TASK OBJECTIVE: In your reply, repeat the full listing exactly and leave each picture out.

INFORMATION SUPPLIED:
________________________________________

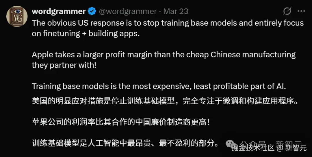 有人表示,所以美国现在的对策就是停止训练基础模型,完全专注于微调和构建 app。训练基础模型,已经是整个 AI 产业中最昂贵、利润最低的部分,所以最不划算。
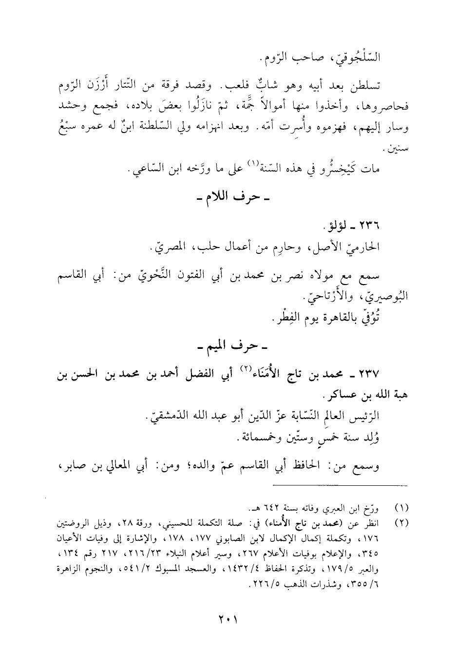 [2] انظر عن (محمد بن تاج الأمناء) في: صلة التكملة للحسيني، ورقة 28، وذيل الروضتين 176، وتكملة إكمال الإكمال لابن الصابوني 177، 178، والإشارة إلى وفيات الأعيان 345، والإعلام بوفيات الأعلام 267، وسير أعلام النبلاء 23/ 216، 217 رقم 134، والعبر 5/ 179، وتذكرة الحفاظ 4/ 1432، والعسجد المسبوك 2/ 541، والنجوم الزاهرة 6/ 355، وشذرات الذهب 5/ 226.
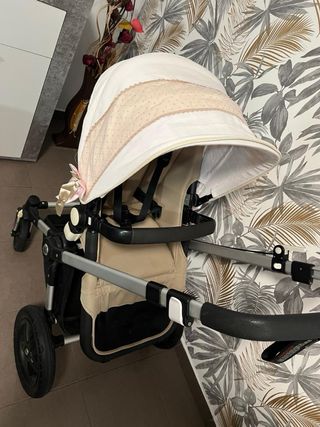 Silla de paseo Bugaboo Camaleón 3 en color beige. Se regala capota a juego de saco para capazo - Capazo y silla. - Capota extensible. - Manillar regulable en altura. - Ruedas todoterreno 180€

________________________________________

SOLUTION FOR THIS EXERCISE:
 有人表示,所以美国现在的对策就是停止训练基础模型,完全专注于微调和构建 app。训练基础模型,已经是整个 AI 产业中最昂贵、利润最低的部分,所以最不划算。
 [2] انظر عن (محمد بن تاج الأمناء) في: صلة التكملة للحسيني، ورقة 28، وذيل الروضتين 176، وتكملة إكمال الإكمال لابن الصابوني 177، 178، والإشارة إلى وفيات الأعيان 345، والإعلام بوفيات الأعلام 267، وسير أعلام النبلاء 23/ 216، 217 رقم 134، والعبر 5/ 179، وتذكرة الحفاظ 4/ 1432، والعسجد المسبوك 2/ 541، والنجوم الزاهرة 6/ 355، وشذرات الذهب 5/ 226.
 Silla de paseo Bugaboo Camaleón 3 en color beige. Se regala capota a juego de saco para capazo - Capazo y silla. - Capota extensible. - Manillar regulable en altura. - Ruedas todoterreno 180€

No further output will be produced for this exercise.